The air of the house hit me first. Dusty, yes, but heavily spiced—like someone was cooking Thanksgiving dinner. I froze. Was it some peaceful, elderly person heating up their lunch in the privacy of their own home, yet no longer private, as I had already stepped a trespassing foot through the doorway? 

For a moment, I listened. There were no sounds—not even the creaking of floorboards. When I tried to call a gentle “hello,” my voice involuntarily came out as a whisper, inaudible. I cleared my throat but did not call again, as I thought it gentler to knock. Three soft raps on the inner door frame. Again, my body seemed unable to make a moderate sound. The raps were barely audible, but they gave me confidence that I had done some sort of due diligence. On I crept. 

Haunting, chilly in the way old houses are. Messy, dark, stumbling. I did not stay long.

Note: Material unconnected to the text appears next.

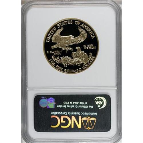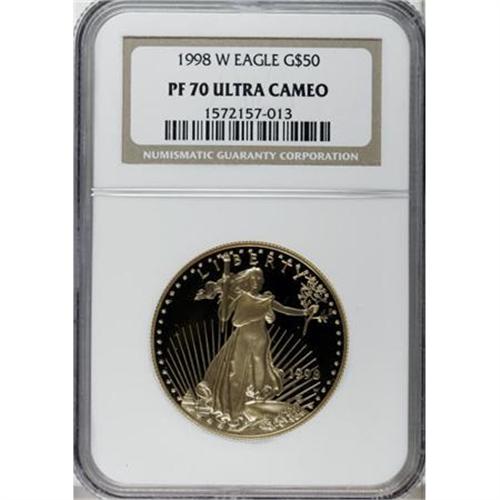 <B>1998-W G$50 One-Ounce Gold Eagle PR70 Deep Cameo NGC.</B></I> NGC Census: (214/0). PCGS Population (23/0). Numismedia Wsl. Price for NGC/PCGS coin in PR70: $2,050. (#9938)<BR><BR><b>Shipping:</b> Coins & Currency (<a target="_blank" href="http://www.heritageauctions.com/common/shipping.php">view shipping information</a>)
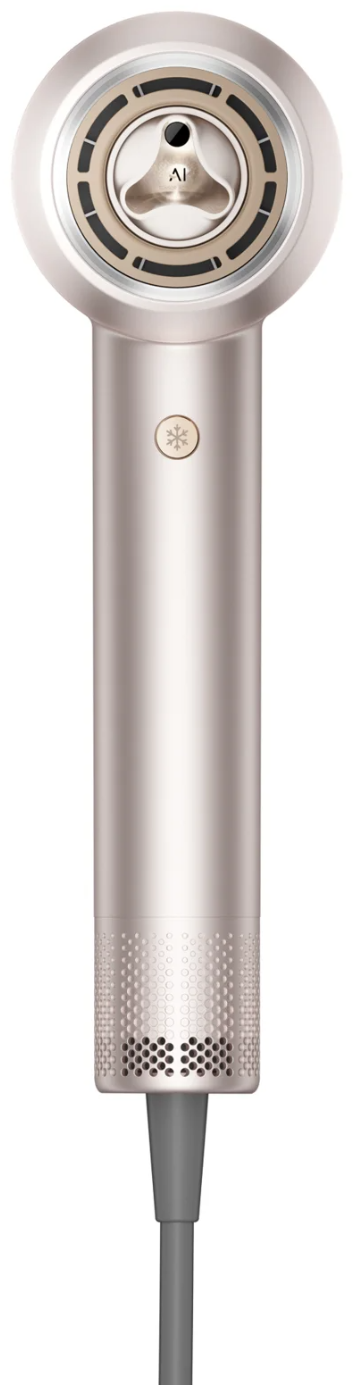 Фен выполнен в золотистом цвете и имеет компактные размеры (7.8 × 10.8 × 25.5 см) при весе 517 г. Подходит для домашнего использования и удобен в хранении.

As I sat back down in my apartment to write what I had witnessed in that house, my fears were quelled. The anxieties that had plagued me for months, maybe years—beginning when I first moved into this neighborhood—quelled. Nothing unusual was in the house, and after I had peered over stacks of bills on the table, piles and piles of receipts and coupons and magazines, seemingly endless fabrics folded in piles on chairs and futons, I no longer feared whoever lived next door.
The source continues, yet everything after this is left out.